◆ **WORK REQUEST**:
Reproduce every entry word for word. Drop all pictures from the copy.

(Collected data entries)
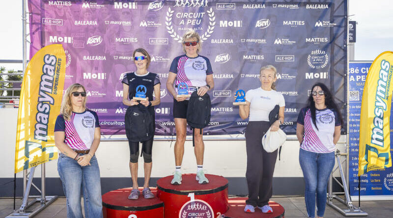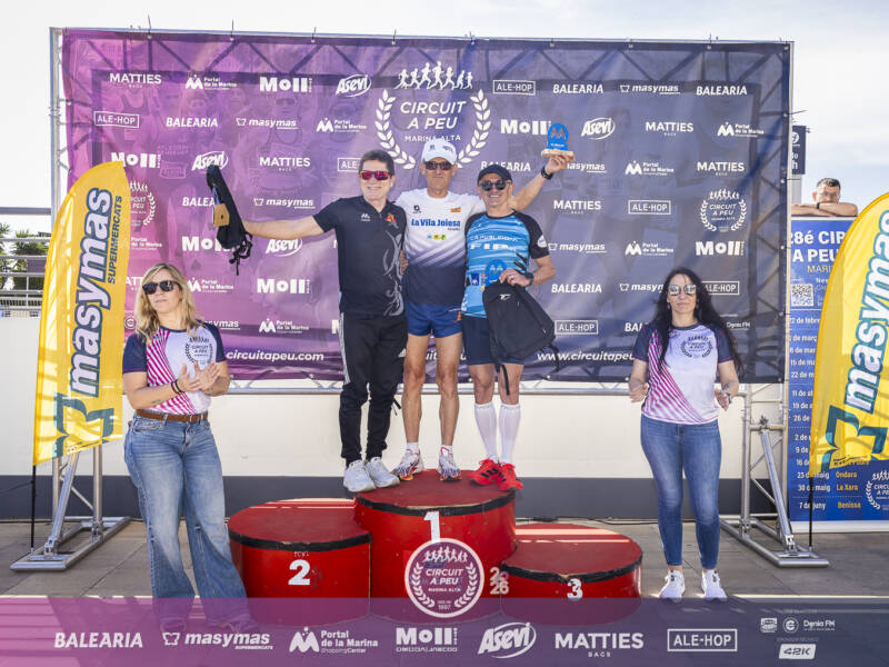 Los vencedores de la categoría Veteranos F, en la III Volta a Peu Portal de La Marina, se llevaron doble premio al corresponderles un lote productos Asevi, en ambas categorías, la femenina y en la masculina, al igual que tres finisher de los 955 finisher, que cruzaron la línea de Meta.
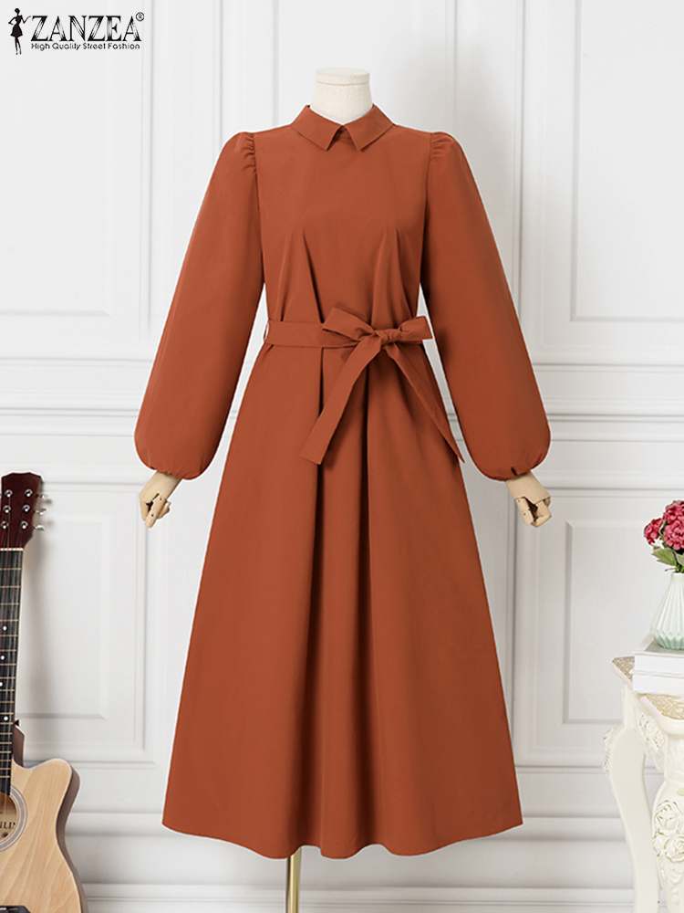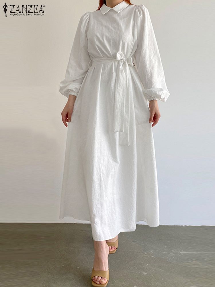 فستان نسائي طويل من ZANZEA أنيق بأكمام طويلة منتفخ فساتين حفلات غير رسمية بحزام بلون سادة
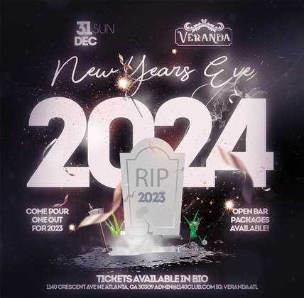 21+ Get ready to ring in the new year at Veranda's RIP 2023 NYE Party! This epic OPEN BAR event is going down on December 31st at Veranda, located on Crescent Ave, ya gotta be there! Bring your all black attire to celebrate 2023's funeral while welcoming in the new year. With ice-cold beers and drinks flowin' all night long, you won't be thirsty! And you know we've got the hottest DJ in town droppin' sick beats that'll have you movin' and groovin' all night! So grab your crew and get ready for the wildest, most unforgettable New Year's Eve bash this side of ATL! ??? Don't miss out, this is gonna be one for the books!
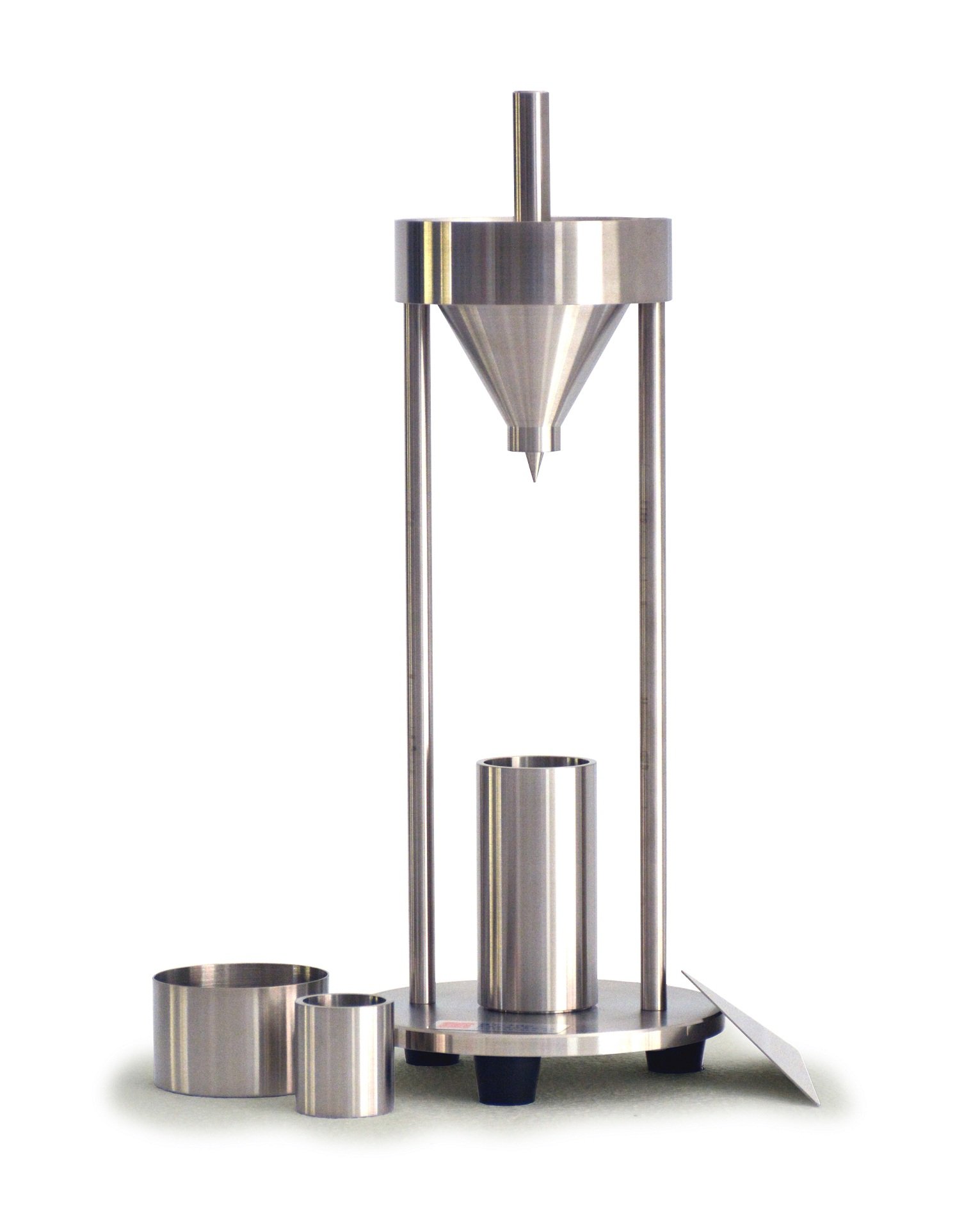 ● 倒入样品:把空量杯放到天平上清零后放到测试仪下方平台指定区域内,再将阻塞棒垂直插放到漏斗中堵住流出口,把待测粉体倒入测试仪器上方漏斗中。
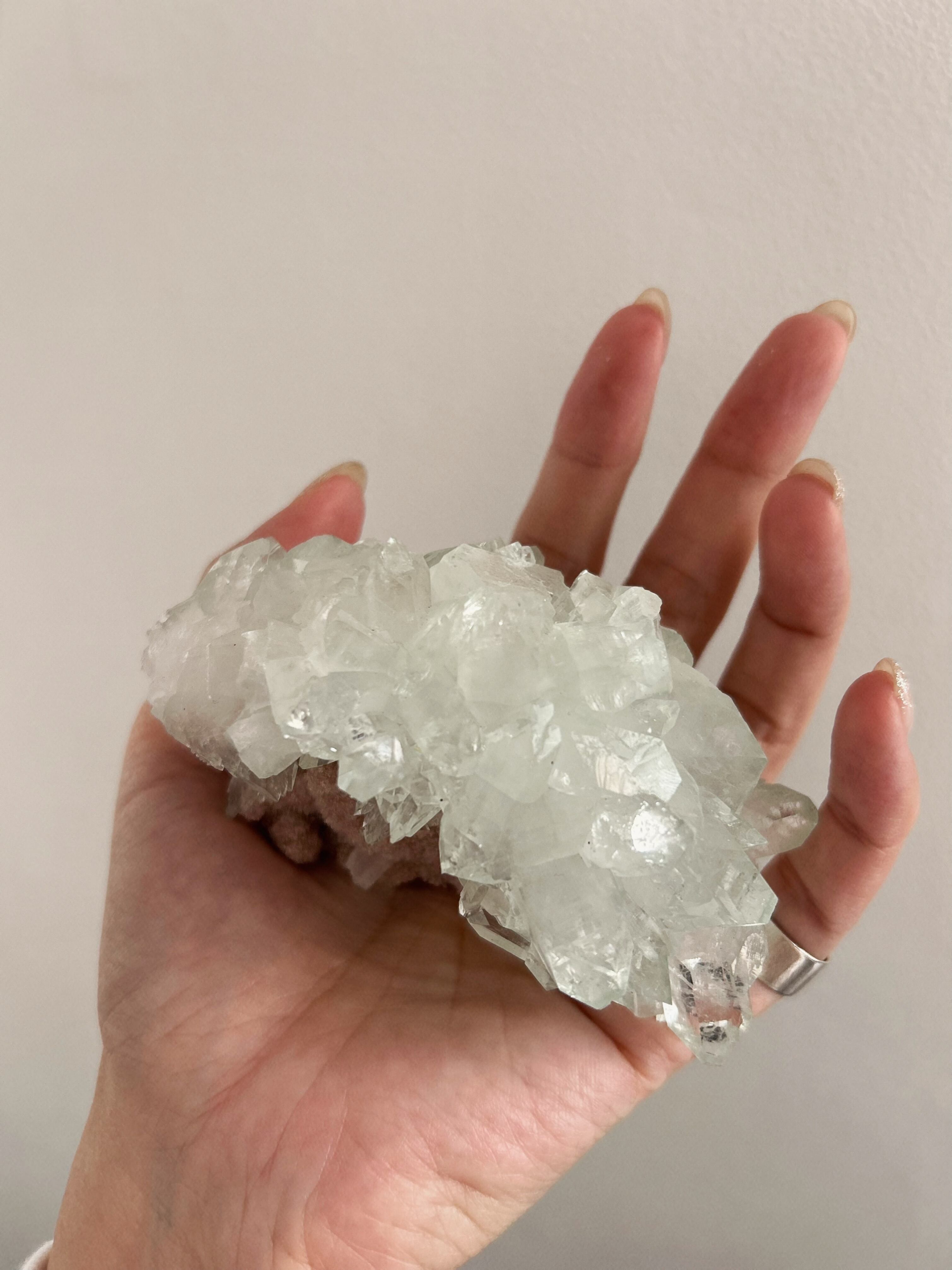 注)アポフィライトは熱に弱い(水も避けて下さい)ので直射日光が当たる場所での保管は避けて頂くようお願い致します。
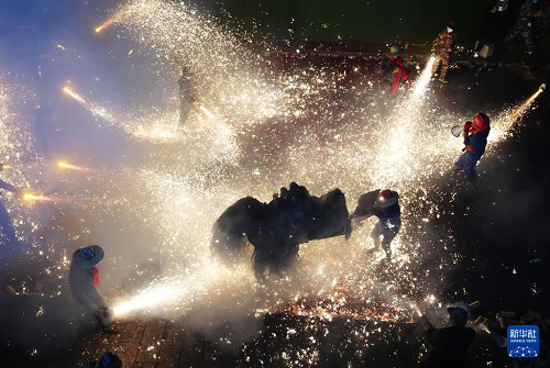 3月2日,在陜西旬陽市蜀河鎮(zhèn)蜀河社區(qū),表演人員在用煙花“燒獅子”。(新華社記者 邵瑞 攝)
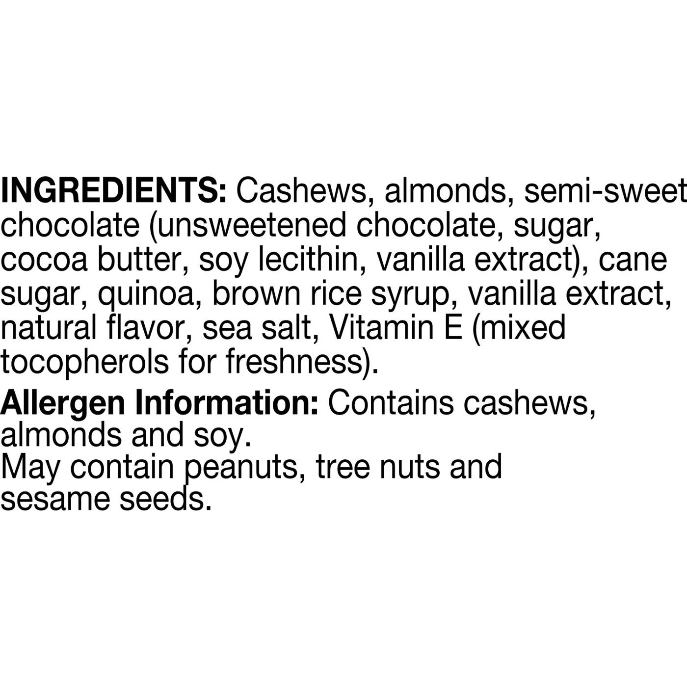 CASHEWS, ALMONDS, SEMI-SWEET CHOCOLATE (UNSWEETENED CHOCOLATE, SUGAR, COCOA BUTTER, SOY LECITHIN, VANILLA EXTRACT), CANE SUGAR, QUINOA, BROWN RICE SYRUP, VANILLA EXTRACT, NATURAL FLAVOR, SEA SALT, VITAMIN E (MIXED TOCOPHEROLS FOR FRESHNESS).Allergens and safety warnings
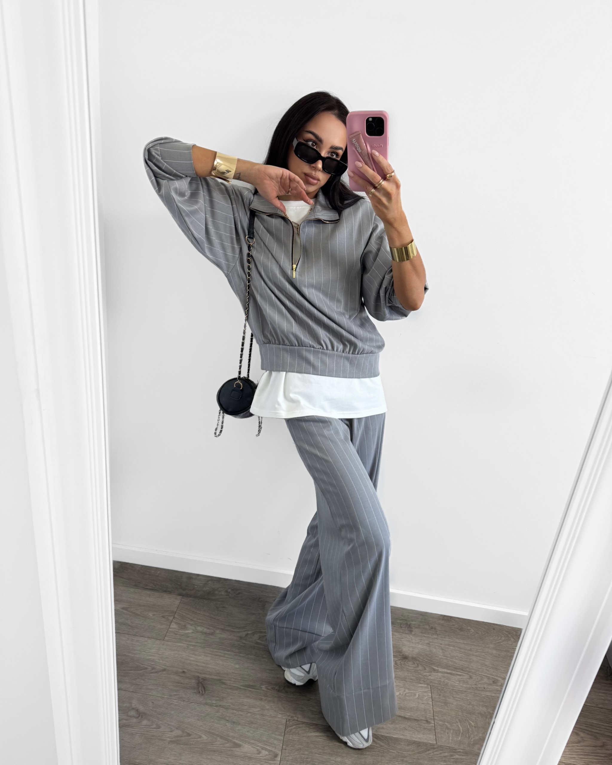 Strona główna La Milla MEGA JESIEŃ - nowa kolekcja Dres elegancki w białe linie La Milla – szary
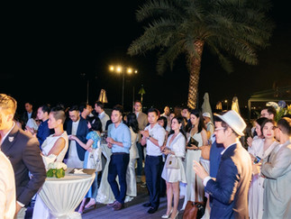 Trong buổi chiều tà ngập nắng vàng và giớ nhẹ, ba chiếc du thuyền sang trọng lần lượt đưa những vị khách VIP bao gồm các doanh nhân trong ngành du thuyền, đại diện các thương hiệu cao cấp, các ngôi sao giải trí và giới truyền thông lướt sóng, chiêm ngưỡng ánh mặt trời hoàng hôn rực rỡ đang dần lặn xuống trên mặt nước và phong cảnh thành phố hiện đại sôi động.
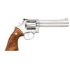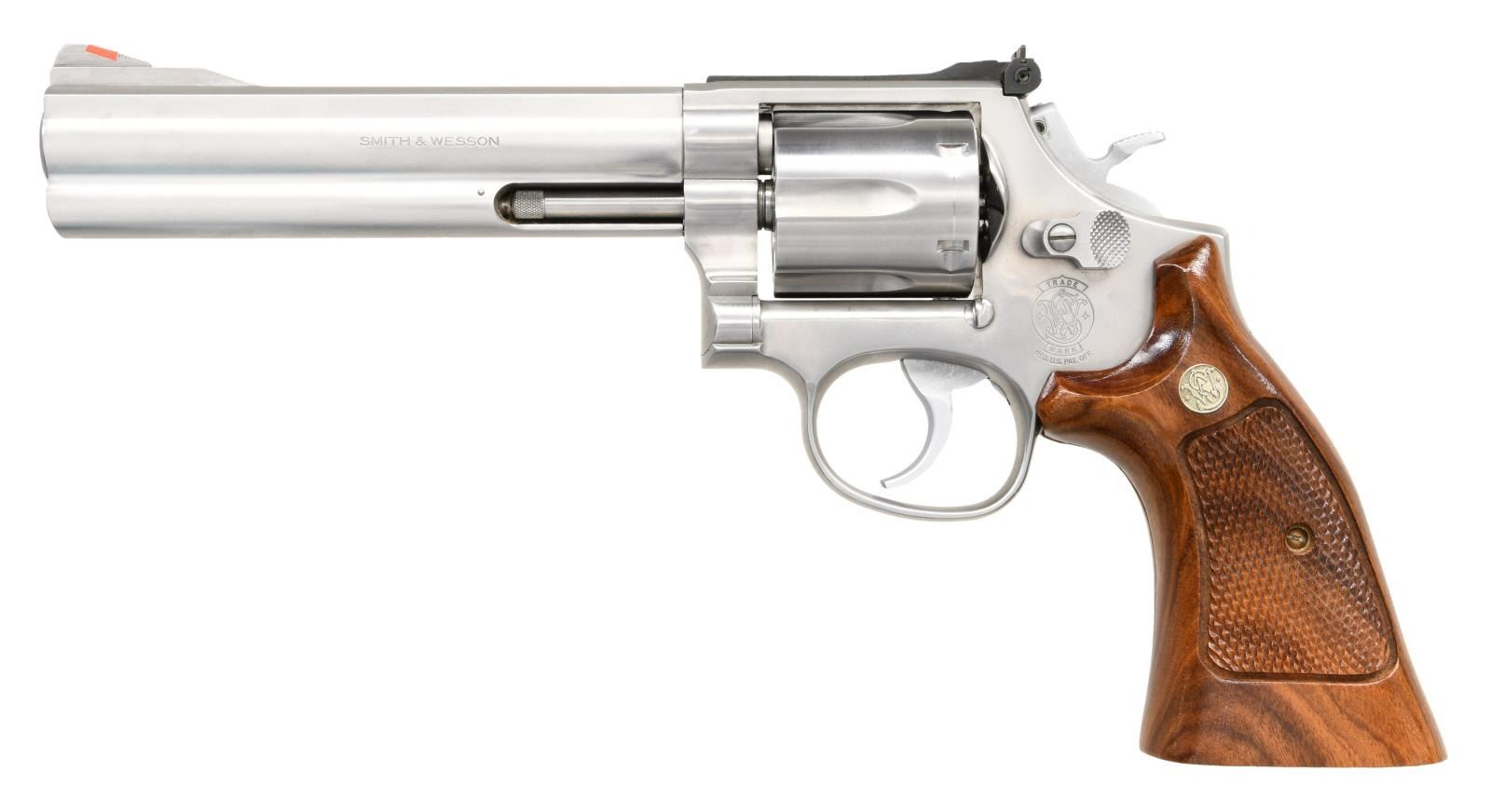 686-3 REVOLVER. Cal. 357 Mag. S# BJB8605. Bbl. 6". Mfg. 1992. Stainless steel, double action revolver built on the square butt L Frame w/ 3 screws. 6 shot fluted cylinder. Full lug, ejector shroud. 10 groove serrated front strap & backstrap. .375" checkered hammer & smooth trigger. Red ramp insert front sight w/ white outline micrometer click adjustable rear sight. Checkered hardwood grips w/ S&W medallions. CONDITION: All aspects indicate very little use. Very little carbon staining on frame & cylinder w/ only fine drag line. No visible damage on grips. Bright bore w/ strong rifling. Timing appears correct. (23-4930/JZ). MODERN. $500-700.

◆ **SOLUTION TO THIS EXERCISE**:
 Los vencedores de la categoría Veteranos F, en la III Volta a Peu Portal de La Marina, se llevaron doble premio al corresponderles un lote productos Asevi, en ambas categorías, la femenina y en la masculina, al igual que tres finisher de los 955 finisher, que cruzaron la línea de Meta.
 فستان نسائي طويل من ZANZEA أنيق بأكمام طويلة منتفخ فساتين حفلات غير رسمية بحزام بلون سادة
 21+ Get ready to ring in the new year at Veranda's RIP 2023 NYE Party! This epic OPEN BAR event is going down on December 31st at Veranda, located on Crescent Ave, ya gotta be there! Bring your all black attire to celebrate 2023's funeral while welcoming in the new year. With ice-cold beers and drinks flowin' all night long, you won't be thirsty! And you know we've got the hottest DJ in town droppin' sick beats that'll have you movin' and groovin' all night! So grab your crew and get ready for the wildest, most unforgettable New Year's Eve bash this side of ATL! ??? Don't miss out, this is gonna be one for the books!
 ● 倒入样品:把空量杯放到天平上清零后放到测试仪下方平台指定区域内,再将阻塞棒垂直插放到漏斗中堵住流出口,把待测粉体倒入测试仪器上方漏斗中。
 注)アポフィライトは熱に弱い(水も避けて下さい)ので直射日光が当たる場所での保管は避けて頂くようお願い致します。
 3月2日,在陜西旬陽市蜀河鎮(zhèn)蜀河社區(qū),表演人員在用煙花“燒獅子”。(新華社記者 邵瑞 攝)
 CASHEWS, ALMONDS, SEMI-SWEET CHOCOLATE (UNSWEETENED CHOCOLATE, SUGAR, COCOA BUTTER, SOY LECITHIN, VANILLA EXTRACT), CANE SUGAR, QUINOA, BROWN RICE SYRUP, VANILLA EXTRACT, NATURAL FLAVOR, SEA SALT, VITAMIN E (MIXED TOCOPHEROLS FOR FRESHNESS).Allergens and safety warnings
 Strona główna La Milla MEGA JESIEŃ - nowa kolekcja Dres elegancki w białe linie La Milla – szary
 Trong buổi chiều tà ngập nắng vàng và giớ nhẹ, ba chiếc du thuyền sang trọng lần lượt đưa những vị khách VIP bao gồm các doanh nhân trong ngành du thuyền, đại diện các thương hiệu cao cấp, các ngôi sao giải trí và giới truyền thông lướt sóng, chiêm ngưỡng ánh mặt trời hoàng hôn rực rỡ đang dần lặn xuống trên mặt nước và phong cảnh thành phố hiện đại sôi động.
 686-3 REVOLVER. Cal. 357 Mag. S# BJB8605. Bbl. 6". Mfg. 1992. Stainless steel, double action revolver built on the square butt L Frame w/ 3 screws. 6 shot fluted cylinder. Full lug, ejector shroud. 10 groove serrated front strap & backstrap. .375" checkered hammer & smooth trigger. Red ramp insert front sight w/ white outline micrometer click adjustable rear sight. Checkered hardwood grips w/ S&W medallions. CONDITION: All aspects indicate very little use. Very little carbon staining on frame & cylinder w/ only fine drag line. No visible damage on grips. Bright bore w/ strong rifling. Timing appears correct. (23-4930/JZ). MODERN. $500-700.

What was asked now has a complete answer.